Череда случайностей вместе с двумя «суперсилами» – «он умел хорошо, лучше, чем многие другие, делать две вещи: он умел организовывать, и он умел вести переговоры» – сделали Эйхмана ответственным за логистику «окончательного решения еврейского вопроса». «Бахвальство – грех, который всегда вредил Эйхману. Ну разве это не фанфаронство – заявление, которое он сделал своим подчиненным в последние дни войны: “Я сойду в могилу, смеясь, поскольку тот факт, что на моей совести смерть пяти миллионов евреев [то есть ‘врагов рейха’, как он их неоднократно называл], дарит мне необычайное удовлетворение”.

Заявление об ответственности за гибель пяти миллионов евреев – а примерно столько и было уничтожено объединенными усилиями всех нацистских учреждений и официальных лиц – явное преувеличение, однако он повторял эту роковую сентенцию снова и снова. Окружающих, даже тех, кто слушал его с охотой, уже от нее просто тошнило, а он все долдонил – даже двенадцать лет спустя, даже в Аргентине, поскольку это утверждение “придавало ему вес в собственных глазах”».

Его схватили в пригороде Буэнос-Айреса 11 мая 1960, спустя девять дней доставили в Израиль и представили окружному суду Иерусалима 11 апреля 1961: «невысокого роста, субтильного телосложения, средних лет, лысеющий, с дурными зубами, близорукий, тот самый, который в течение всего процесса тянул свою морщинистую шею в сторону судейской скамьи (он ни разу не повернулся лицом к аудитории), тот самый, который старательно и по большей части успешно сохранял самоконтроль – несмотря на подрагивающий в нервном тике рот, но, может, этот нервный тик появился у него задолго до самого процесса».
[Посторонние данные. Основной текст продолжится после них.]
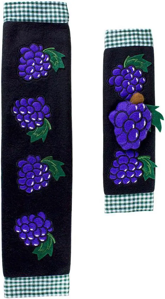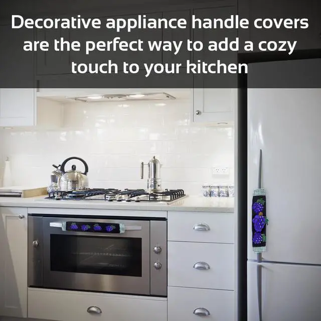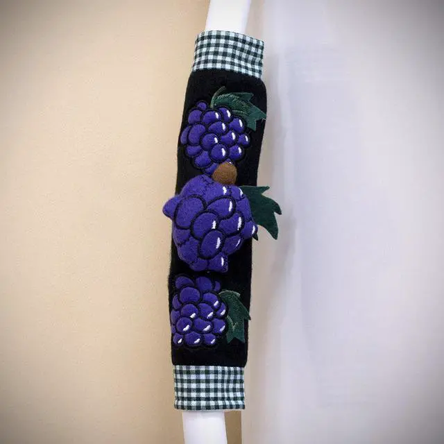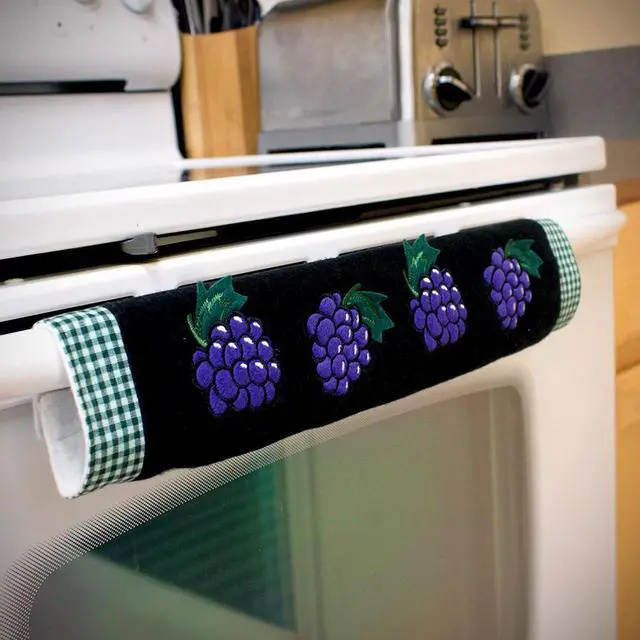 Add a cozy touch to your kitchen with this Set Of 2 Kitchen Appliance Handle Covers W/ Grape Design. Each cover is made from soft felt and features grape appliques along the front with gingham trim on both ends. The set includes two covers, with a longer 15.75 inch cover designed for oven handles and a shorter 10 inch cover that can be used on either refrigerators or microwaves. All the covers secure with a simple hook and loop closure along the back, making it easy to put on and take off the covers whenever you want.

15 декабря 1961 ему зачитали смертный приговор. «Его надежды на справедливость не оправдались, суд не поверил ему, хотя он сделал все, чтобы рассказать правду. Суд не понял его: он никогда не был “евреененавистником” и он никогда не заставлял убивать ни одного человека. Его вина происходила из его послушания, а послушание всегда считалось достоинством. Его достоинством злоупотребили нацистские лидеры. Но он не принадлежал к правившей клике, он был жертвой, а наказания заслужили только лидеры».

Иллюстрация: Ксения Пройдисвет (@proydisvet_k)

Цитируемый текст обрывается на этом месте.